The integral with lower limit 0 and upper limit pi/3 of sinx / (cosx)^2 dx.
u=cosx
du = -sinx dx

integral sinx /(cosx)^2 dx = integral -du/u^2
=integral -u^-2 du = -u^{-2+1}/-1 = u^{-1} = 1/cosx

with the limits:
1/cos(pi/3) - 1/cos(0) = 1/(1/2) -1 = 2-1 =1 .....

Answer 3

For this problem, you need to use u-substitution:

Let u = cosx, thus du = -sinx*dx

Using these substitutions, the integrand becomes:

-1/u^2*du.

Remember, when doing u-substitution, you also need to change the limits of integration, by subsituting into u = cos(x)
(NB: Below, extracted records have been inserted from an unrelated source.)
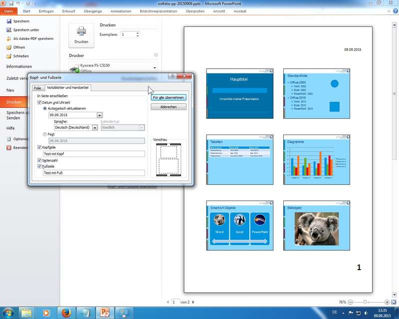 Übung: mit PowerPoint 2010 im abwärtskompatiblem *.ppt Format; Hinweis auf Kompatibilitätsprobleme
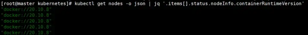 kubectl get nodes -o json | jq '.items[].status.nodeInfo.containerRuntimeVersion'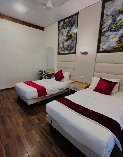 Book the perfect family getaway in Islamabad. Our Luxury Family Suite features 2 separate bedrooms, a private sitting area, and kid-friendly amenities. Safe, secure, and spacious accommodation for 4.

Lower limit: u = cos(0) = 1
Upper limit: u= cos(pi/3) = 1/2

Thus, the intergral becomes:

int(1->1/2): -1/u^2*du. Multiply by -1 to reverse the limits for increasing order.

int(1/2->1): 1/u^2*du

Use the power rule to integrate. Thus you get:

-u^(-1) = -1/u (evaluated from 1/2 to 1)

Evaluating, you get:

-1/(1) - 1/(1/2) -----> -1+2 = 1

-----------

Hope this helps

Answer 4

The integral of sin x / (cos x)^2 is 1/cos x.
You can do that with a substitution; I just know that 1/(cos x)^2 must come from 1/(cos x) somehow, and differentiate that to see if I need to multiply by some constant, which I don't.

Thus, substitute in the limits: 1/cos(pi/3) - 1/cos(0) = 1/0.5 - 1 = 2 - 1 = 1.